Artificial intelligence is being employed in the hunt for a female partner for a critically endangered male plant species Encephalartos woodii, or E.woodii.
Encephalartos woodii (E. woodii)
• The only known E.woodii was discovered in the Ngoye Forest, South Africa, in 1895. It was moved several years later for safe keeping, with samples sent to botanical gardens, including Kew in London, where it is still propagated and grown today.
• The Encephalartos woodii is a type of plant known as a cycad. Cycads are woody plants that are slow growing and live for a long time. Cycads are the oldest surviving seed-bearing plants, dating back more than 300 million years and surviving multiple mass extinctions and environmental changes.
• They are dioecious, which means they are either male or female, and they produce cones from which pollen is transported by insects for reproduction.
• All existing specimens are clones of this plant and, just like the last wild specimen, they are all males.
• Both sexes are needed for reproduction and since no female has ever been found — cloning from offsets is the only way it survives as a true species.
Drone imaging with the power of AI
• A research project led by the University of Southampton is scouring thousands of acres of forest in South Africa, where the only known E.woodii was found, in a bid to find a female.
• With only one male found, all subsequent propagated samples are male clones, so the plant cannot naturally reproduce. The Ngoye Forest has, until now, never been fully explored to determine if a female could exist.

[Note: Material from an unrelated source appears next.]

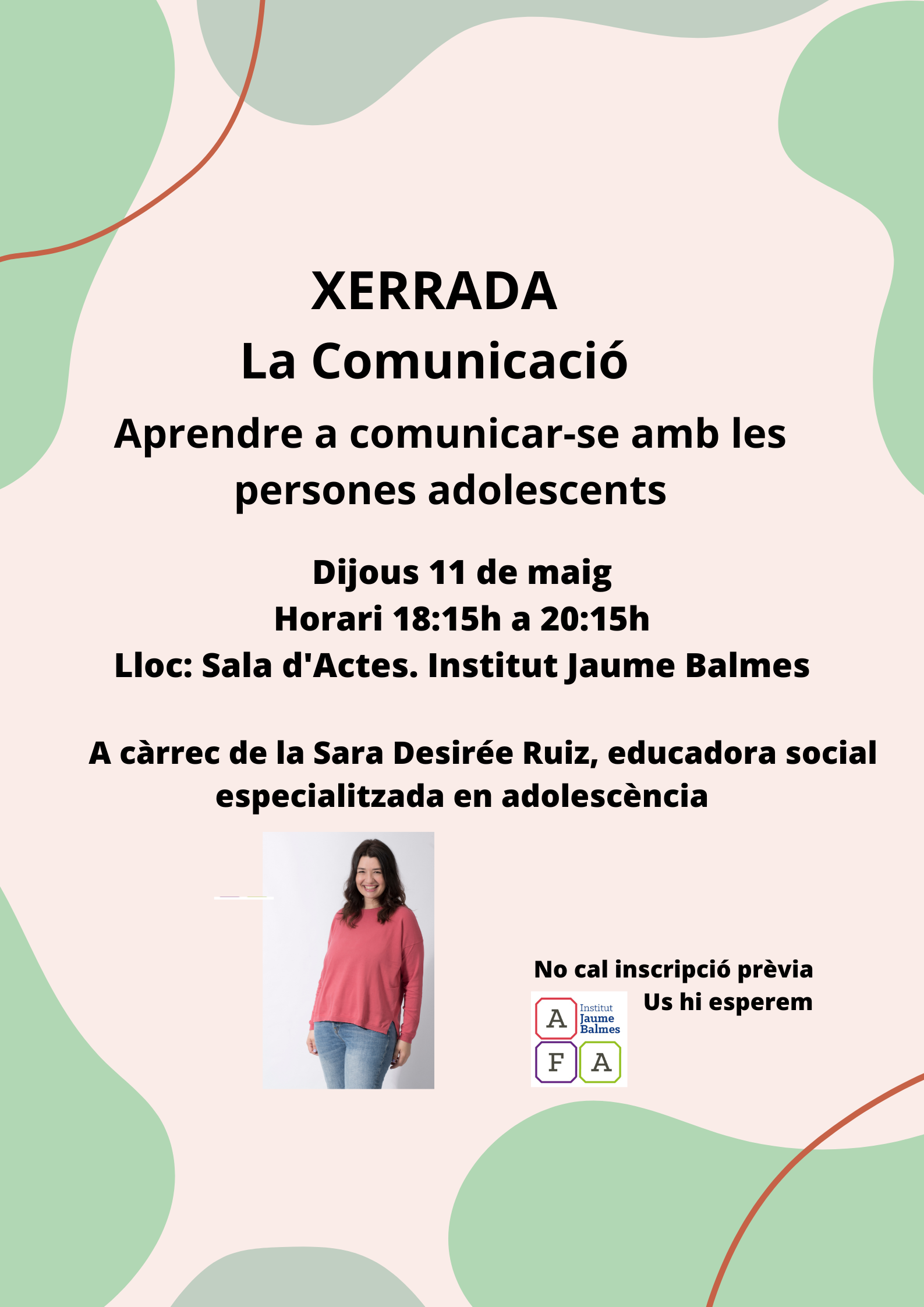 [vc_row css_animation="" row_type="row" use_row_as_full_screen_section="no" type="full_width" angled_section="no" text_align="left" background_image_as_pattern="without_pattern"][vc_column][vc_column_text] [/vc_column_text][vc_empty_space][/vc_column][/vc_row][vc_row css_animation="" row_type="row" use_row_as_full_screen_section="no" type="full_width" angled_section="no" text_align="left" background_image_as_pattern="without_pattern"][vc_column width="1/2"][vc_column_text]Un altre cop la ponent Sara Desirée Ruiz, educadora especialitzada en adolescència (va fer una exitosa xerrada l'any 2022), ens acompanyarà en una xerrada gratuïta, que pinta molt bé. TÍTOL: La Comunicació:...

• And if the hunt doesn’t pay off, the researchers are also exploring if they can change the plant’s sex to create a female version.
• Drones and AI are used to search for a female E.woodii.
• Initial drone flights in 2022 took tens of thousands of images and used a multispectral sensor to capture features beyond what can be seen from high above with the naked eye, such as distinguishing whether plants are living or dead, and to identify species.
• But with no E.woodii yet found, the drone imaging is ongoing, now with the power of AI.
• Researchers have covered 195 acres of the Ngoye Forest so far, and there are 10,000 acres in total.
• With the AI, they are using an image recognition algorithm in order to recognise plants by shape. They generated images of plants and put them in different ecological settings, to train the model to recognise them.